• INSTRUCTIONS FOR THE TASK: Using the records below, repeat exactly the lines from the one holding "with supple leather." through the one holding "Elevate your media", both ends included, and no others.

==== EXTRACTED DATA

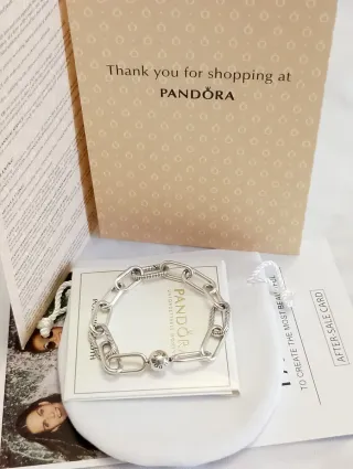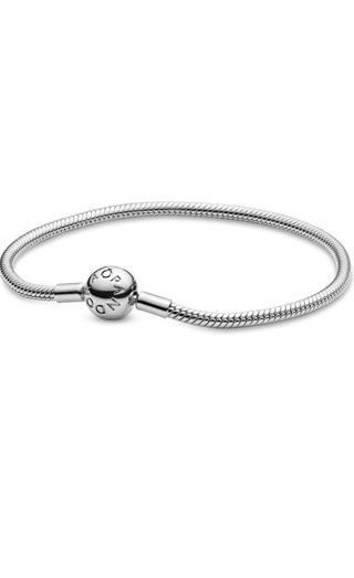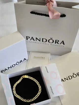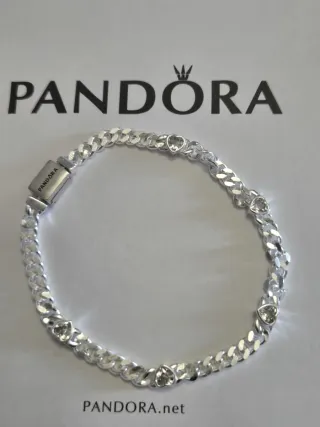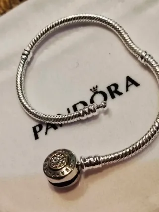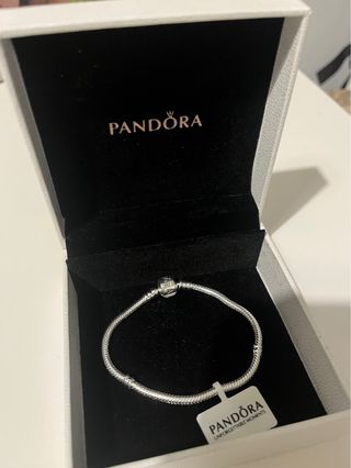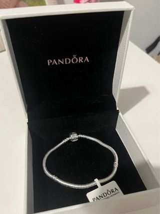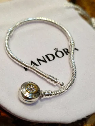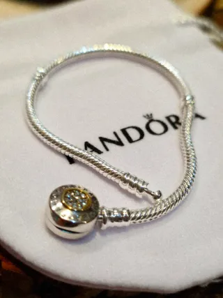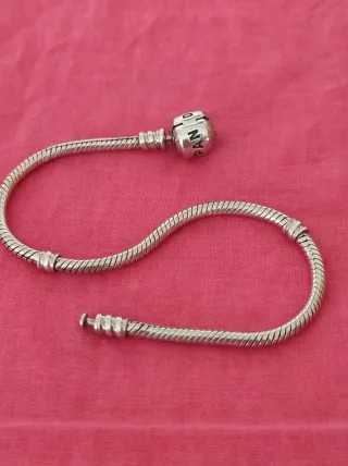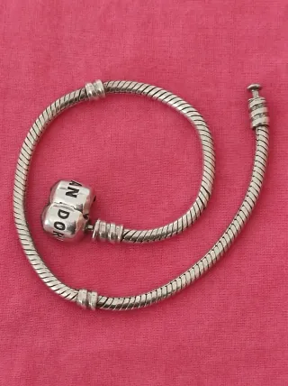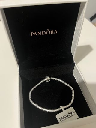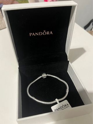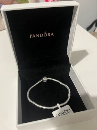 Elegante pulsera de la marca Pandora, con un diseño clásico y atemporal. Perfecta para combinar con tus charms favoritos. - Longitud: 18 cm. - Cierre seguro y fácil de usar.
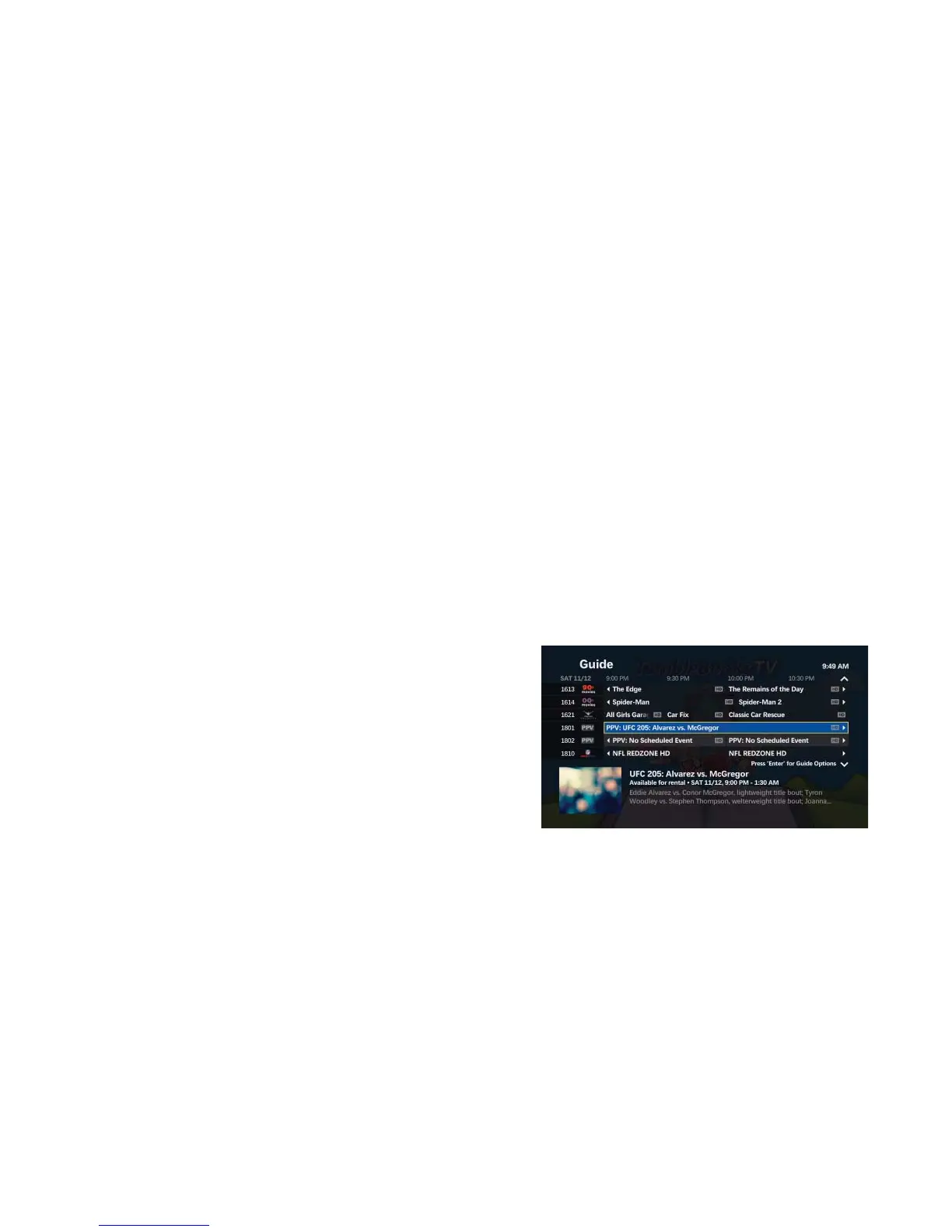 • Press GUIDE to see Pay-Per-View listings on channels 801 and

========
==== EXTRACTED DATA

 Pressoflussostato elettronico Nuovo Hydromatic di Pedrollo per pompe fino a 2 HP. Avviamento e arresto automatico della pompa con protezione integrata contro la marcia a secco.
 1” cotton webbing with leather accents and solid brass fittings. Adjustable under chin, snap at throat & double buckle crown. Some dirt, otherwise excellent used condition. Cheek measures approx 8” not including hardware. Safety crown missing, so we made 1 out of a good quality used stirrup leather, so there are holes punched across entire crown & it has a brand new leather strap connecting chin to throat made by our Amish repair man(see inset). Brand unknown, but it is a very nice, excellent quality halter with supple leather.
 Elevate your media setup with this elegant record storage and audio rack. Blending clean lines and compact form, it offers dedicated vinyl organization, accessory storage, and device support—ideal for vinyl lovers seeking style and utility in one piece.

========

• ANSWER BOX:
 1” cotton webbing with leather accents and solid brass fittings. Adjustable under chin, snap at throat & double buckle crown. Some dirt, otherwise excellent used condition. Cheek measures approx 8” not including hardware. Safety crown missing, so we made 1 out of a good quality used stirrup leather, so there are holes punched across entire crown & it has a brand new leather strap connecting chin to throat made by our Amish repair man(see inset). Brand unknown, but it is a very nice, excellent quality halter with supple leather.
 Elevate your media setup with this elegant record storage and audio rack. Blending clean lines and compact form, it offers dedicated vinyl organization, accessory storage, and device support—ideal for vinyl lovers seeking style and utility in one piece.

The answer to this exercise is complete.